However, even as Hawking is becoming famous, his health continues to decline and Jane is left to take care of both her husband, now wheelchair bound, and their three children. Exhausted and unable to work on her own thesis, Jane becomes increasingly frustrated. From here, the Hawking’s personal lives begin to fall apart, with Jane falling for Jonathan, a widower who befriends the family and helps Jane take care of Stephen and the children, and Stephen divorcing Jane for his new and much younger nurse Elaine. The film ends with Hawking, having becomes internationally famous after the 1988 publication of his seminal A Brief History of Time, inviting Jane to meet the Queen with him.
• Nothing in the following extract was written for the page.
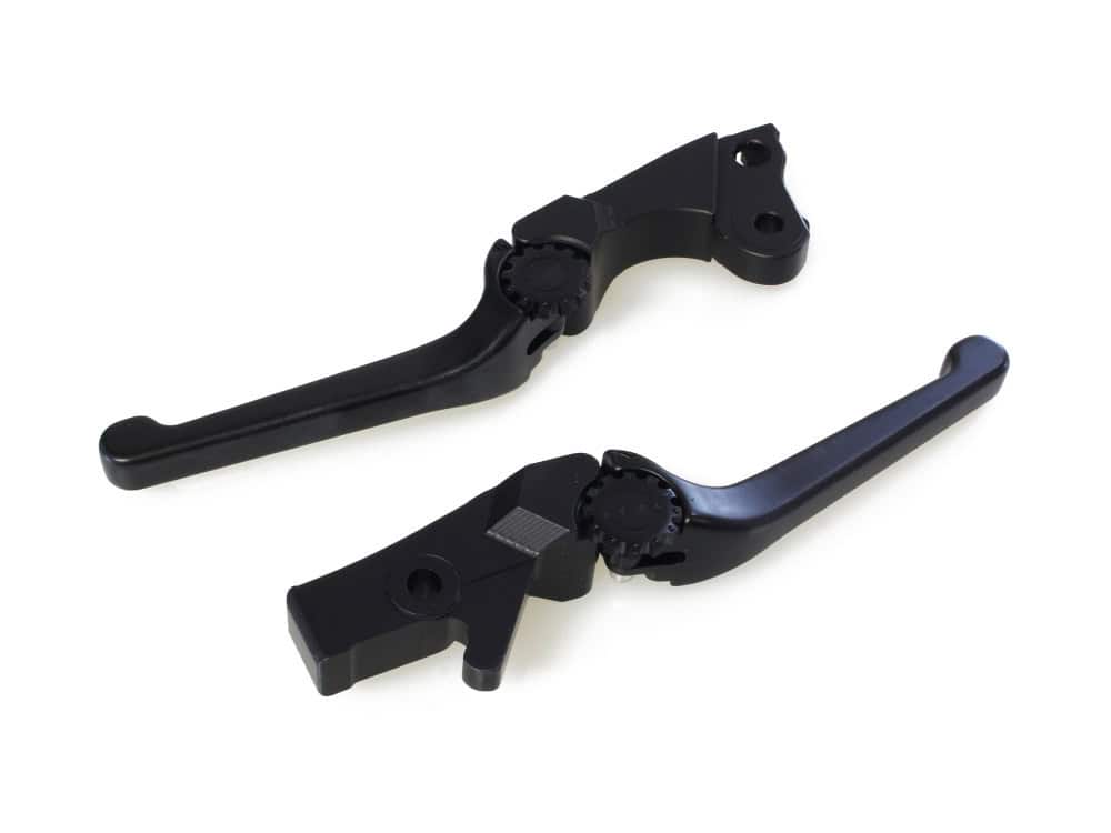 Comfortable black motorcycle clutch and brake levers for Harley Davidson bikes.
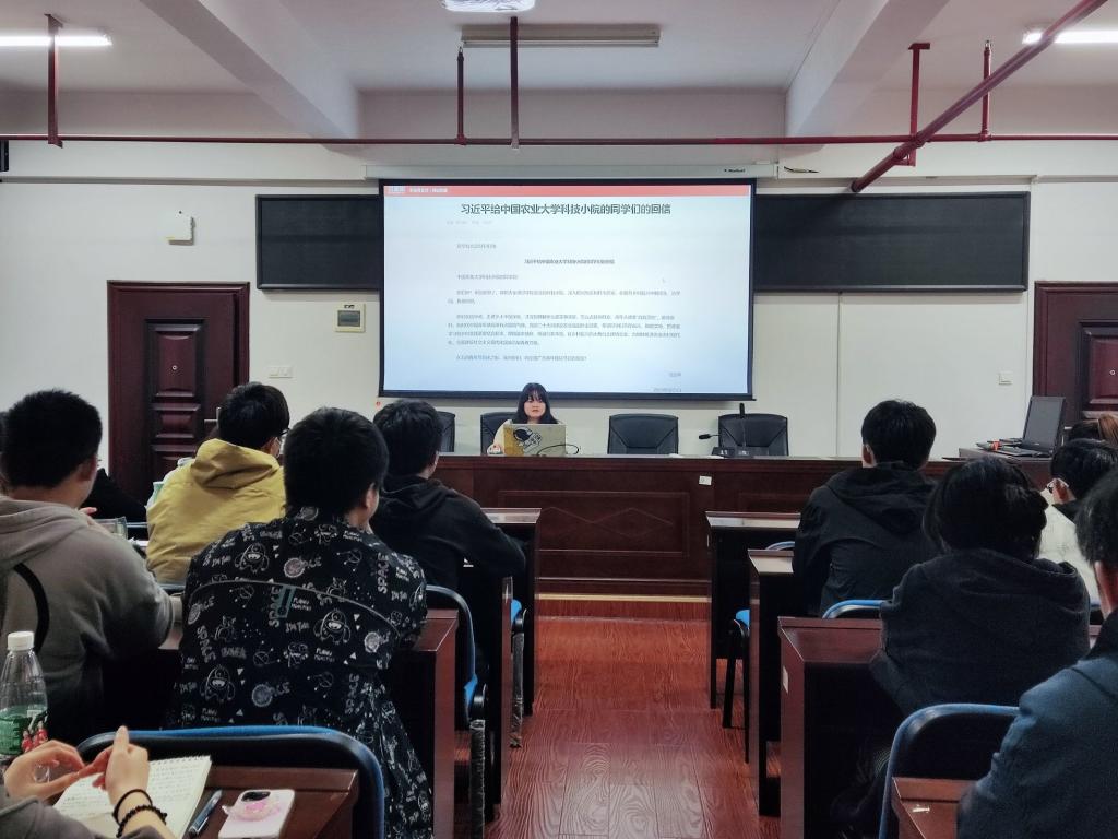 会上,全体党员共读习近平总书记给中国农业大学科技小院的同学们的回信。习近平总书记夸赞同学们“新时代中国青年就应该有这股精气神”,信中承载了总书记对新时代青年的殷切期望。随后,全体党员同学集中观看青年教育影片《中国青年:我和我的青春》,影片分为《旗帜》《看见》《寻找》三个单元叙事,活动集中观看了《看见》这一片段。影片中支教老师将个人才干施展在宁夏黄土高坡,给贫困地区的孩子们带来了一次改变人生的教育机会,在西北荒漠上种出了璀璨的花朵。影片中融合了音乐与歌舞元素,彰显中国青年时刻与祖国同呼吸共命运的时代精神。

…I have mixed feelings about the Stephen Hawking biopic The Theory of Everything. Although it was beautifully shot and Eddie Redmayne and Felicity Jones gave exceptional performances, the fact that it only touched briefly upon the struggles of Hawking’s first wife, Jane, despite being an adaptation of her memoir Travelling to Infinity: My Life with Stephen, left me feeling that the film did her a disservice. I won’t deny that Stephen Hawking is a genius who’s had to struggle with ALS, but I submit that Jane Wilde created the conditions for Hawking to succeed: Jane all but gave up her own career, took care of him and their children, and in the end was rewarded by Hawking leaving her for a younger woman and being ignored in a movie based on her memoir! That, and the pacing of the film felt a bit rushed.
Overall, I enjoyed this film and, rant about the ignored woman aside, thought it was a very well done film. I give The Theory of Everything an 8.5 out of 10.